In addition, dispatching the persons into vehicle ti ensure an equity distribution of these persons on the available parking is proposed in [21]. Recently, authors in [22] proposed novel algorithms to solve the parking managment. Several researches have been uploaded in the literature in order to cover some aspects in relation to the execution period and the gap valuation, which have been used to explore the assessment of the development procedures. Analyzing the gathered experiments shows a good indication in the assessment behavior of the proposed algorithm. In addition, it shows the proposed algorithm can narrow the gap in issues in relation to gap and time calculation in the developed researches. The *MR* heuristic reached an exceptional assessment results compared this result with the best algorithms proposed in [21]. The *MR* heuristic reached a percentage of 96%, a gap of 0.02, and a running time of 0.007s.

The usage of the supercomputers is largely referred in the literature. In fact, the utilization of the scheduling on the supercomputers filed may be cited to the different works. In [23], the authors studied the resource management through the usage of the supercomputers by an energy-performance procedure. The parallelism of the processing in the supercomputers is proposed by [24].

In [25], authors considered the methods of optimal load balancing and the storage requirements of algorithms. Other algorithms proposed in [26] can be utilized in future work to enhance the proposed algorithms. A mathematical model for scheduling activities while there are priorities between devices are proposed in [27]. In [28], authors treated the scheduling algorithms into networks. These algorithms can be exploited to give a new solutions for the presented problem. In [29], authors developed algorithms for the category constraint into network based on scheduling problem. Authors in [30] developed algorithms for the read frequency of data. These algorithms may be exploited on and adopted for the presented problem. A recent similar work for the latter paper are proposed in [31].

In this paper, a mathematical model of the presented problem is proposed. In addition, many algorithms were proposed to manage the studied problem. The problem can be defined as follows. Several programs characterized by its estimated execution time need to be ran by several supercomputers. All the supercomputers are assumed to be characterized by the same criteria as the hardware. The goal is to search for an efficient algorithm to schedule these programs to the available supercomputers. This is can be mathematically written as the load balancing of programs to supercomputers.

The rest of the paper is structured as follows. Section 2 presents the justification and motivation to work the studied problem. In section 3, the problem definition is described. Section 4 presents the research method and design. The developed algorithms to solve the presented problem are detailed in Section 5. The experimental results and discussions are analysed in Section 6. Section 7 is reserved for the conclusions and perspectives.

## 2 Justification and motivation

The presented problem may be defined as follows. Suppose that there are a set of several programs characterized by its estimated running time. This set of programs need to be executed by many available supercomputers. The set of programs is homogeneous. This is means that all the programs in the set have the same hardware characteristics. In addition, these programs are supposed to consume more resources in memory and time execution. Consequently, it is primordial to seek an efficient way to schedule the given programs on the available supercomputers. This may be mathematically written as the equity assignment of programs to the supercomputers. The goal of this paper is to concept and design an algorithm that may minimize the execution time gap between all supercomputers. The first phase toward achieving the goal of this paper is to formulate mathematically the proposed problem. After that, this mathematical formulation is utilized to develop different algorithms to solve the presented problem. This is constitute the second phase. A detailed discussions and explanation of these two phases are presented in this paper.

## 3 Problem definition

Table 1 gives an overview for all variable notations and definitions used in the paper.

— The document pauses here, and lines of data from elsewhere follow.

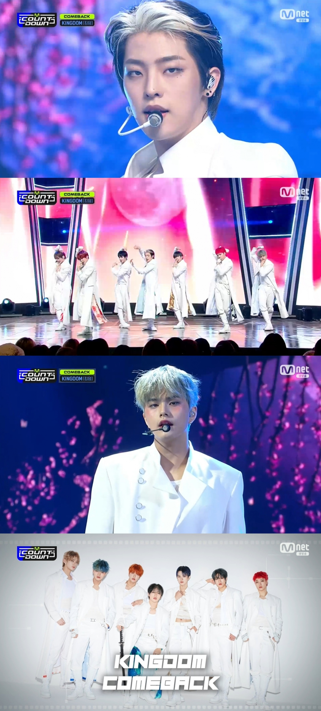 이날 킹덤은 댄디한 무드의 화이트 수트를 착장하고 등장, 신비로우면서 매혹적인 자태로 단숨에 눈길을 사로잡았다. 웅장한 사운드의 전주가 시작되자 멤버들은 눈빛에 카리스마를 짙게 장착했다.
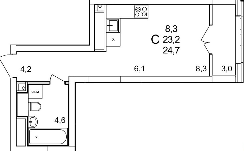 Общая площадь 24.7 м2
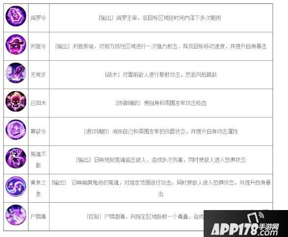 从图上可以看到杀破狼的技能一共有8个技能,有控制类、输出类、状态类、被动等等。主要输出有4个技能阎罗令,判官令,冤魂不散,黄泉之息。前期在没有冤魂不散和黄泉之息的情况下主要刷图的输出技能就是阎罗令和判官令,阎罗令是群伤技能清理小怪很好用。判官令又有输出又有控制还有位移(刷图PK都很好用,必带技能之一)。刷普通日常副本的时候建议带上全输出技能刷的快些,因为杀破狼本身就一个远程的角色,稍微走A躲伤害基本不掉血。像刷精英副本幻境之类的就要带上一些控制和状态技能建议还阳术 寡欲令 攻击技能的建议判官令 阎罗令 黄泉之息。
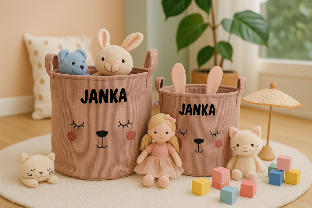 Játéktároló szett, egyedi névvel 2db-os, mályva Kiváló kiegészítő gyerekszobában de szuper ajándék is lehet
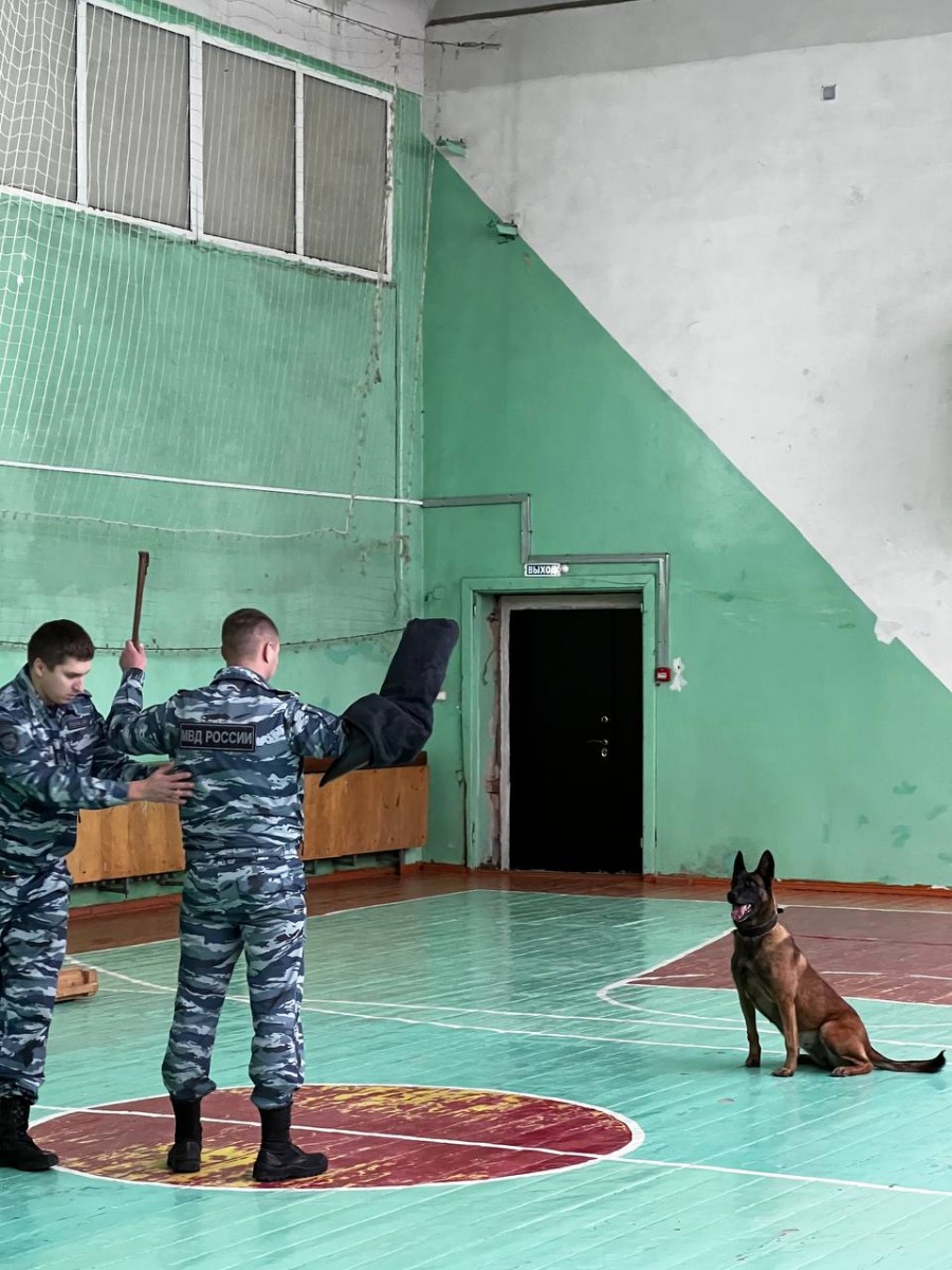 В спортивном зале развернулось представление. Кинологи вместе со служебной собакой «Джесси» продемонстрировали учащимся отличные навыки и выучку по поиску и обнаружению «закладок», имитирующих наркотические вещества. Также полицейские вместе со своим четвероногим напарником показали слаженные действия и мастерство при выполнении упражнений и прохождения полосы препятствий. Молодые люди были поражены с какой точностью служебная собака выполняет команды специалиста-кинолога. Самым интересным и захватывающим была демонстрация приемов задержания и конвоирования.
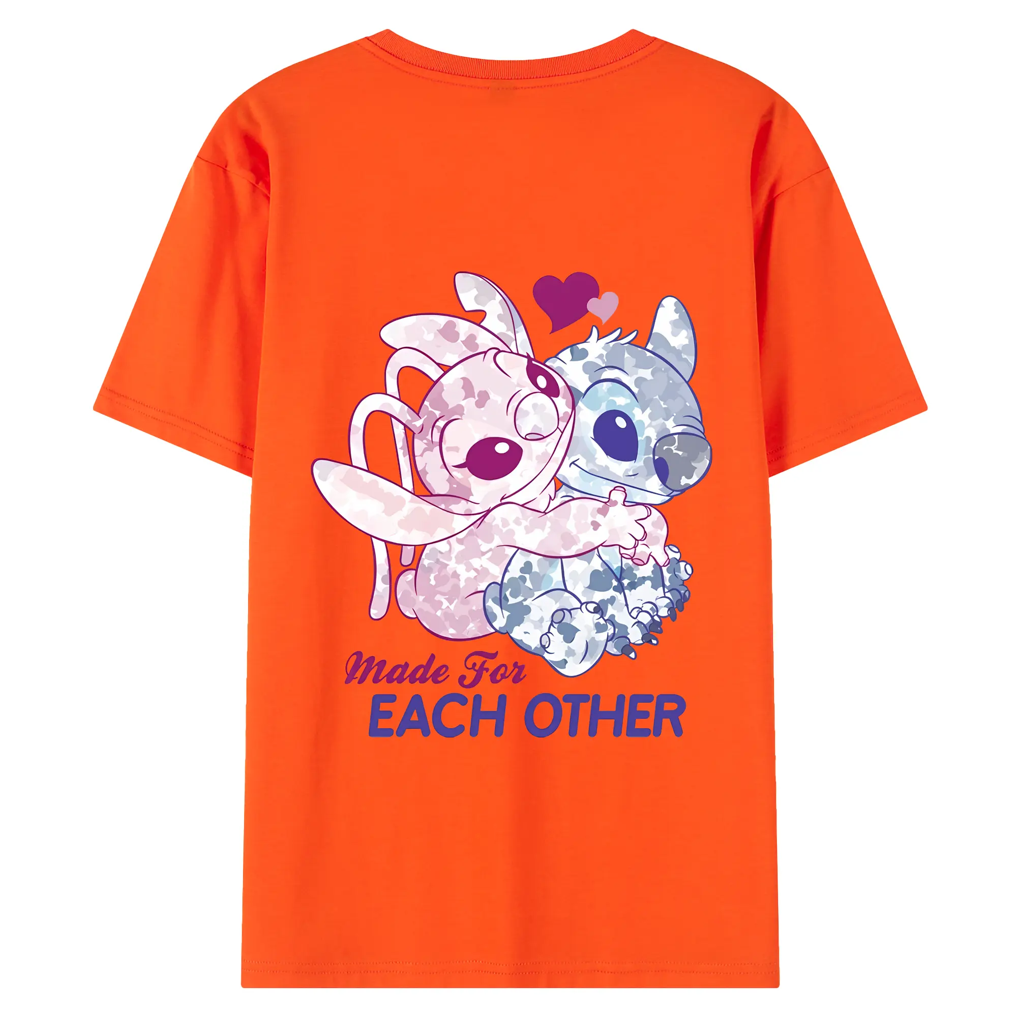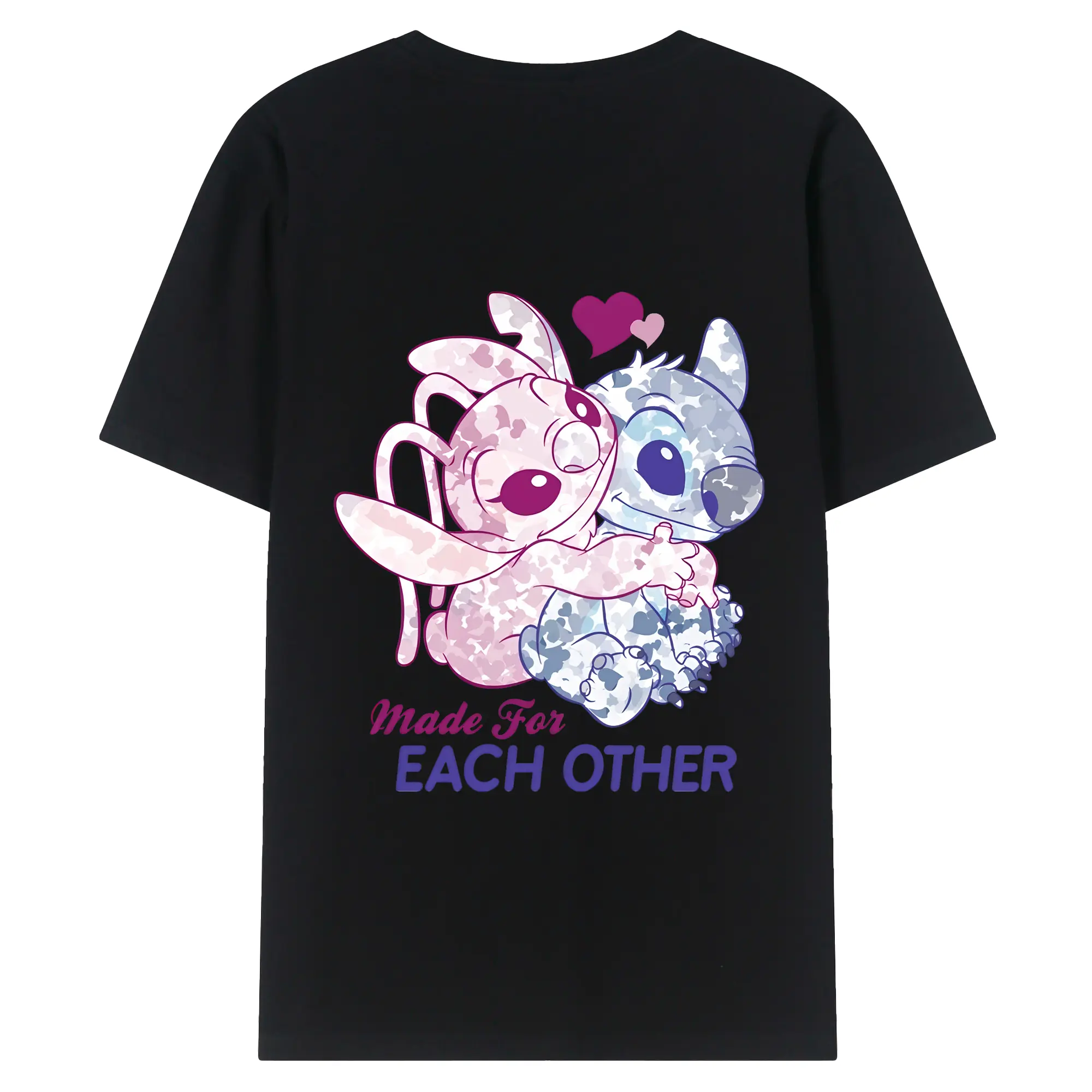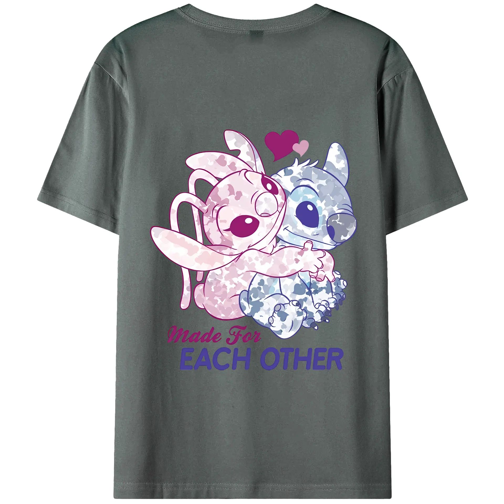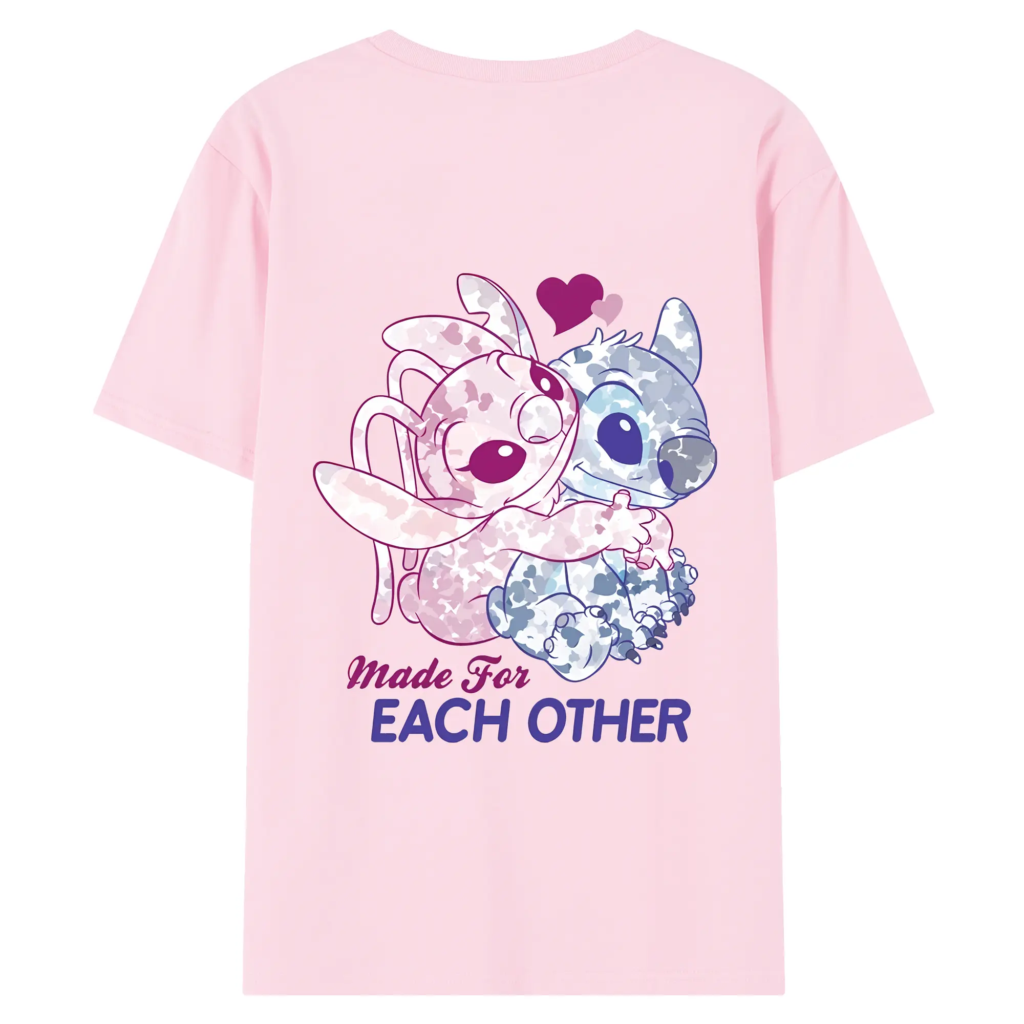 リロ&スティッチ グッズ エンジェル - 綿100% 半袖Tシャツ ・ フロントプリント ・ 快適 通気性 ・ 日常使い 散歩 スポーツ用

Example 1 explains the presented problem using all above definitions.

**Example 1** *Suppose that n*_{su} = 2 *and n*_{pr} = 7. *The e*_{p} *value for each program is illustrated in* Table 2.

*Now, an algorithm is ran to assign the programs detailed in* Table 2 *to the available supercomputers. This algorithm is the shortest execution time algorithm, the obtained schedule is illustrated in* Fig 1. *It is evident to see that programs* {1, 5, 6, 7} *are executed by Su*_{1} *and programs* {2, 3, 4} *are executed by Su*_{2}.

Fig 1 *shows that Su*_{1} *has a total execution time of 1264. Moreover, Su*_{2} *has a total execution time of 893. Accordingly, the execution time gap between Su*_{1} *and Su*_{2} *is Rt*_{1} − *Rt*_{min} = 1264 − 893 = 371. *The goal is to conecpt and design an algorithm that can reduce the returned gap between supercomputers. In fact, for Example 1 another schedule must be given with a better solution comparing with schedule 1. This is means that an algorithm giving a gap less than 371*.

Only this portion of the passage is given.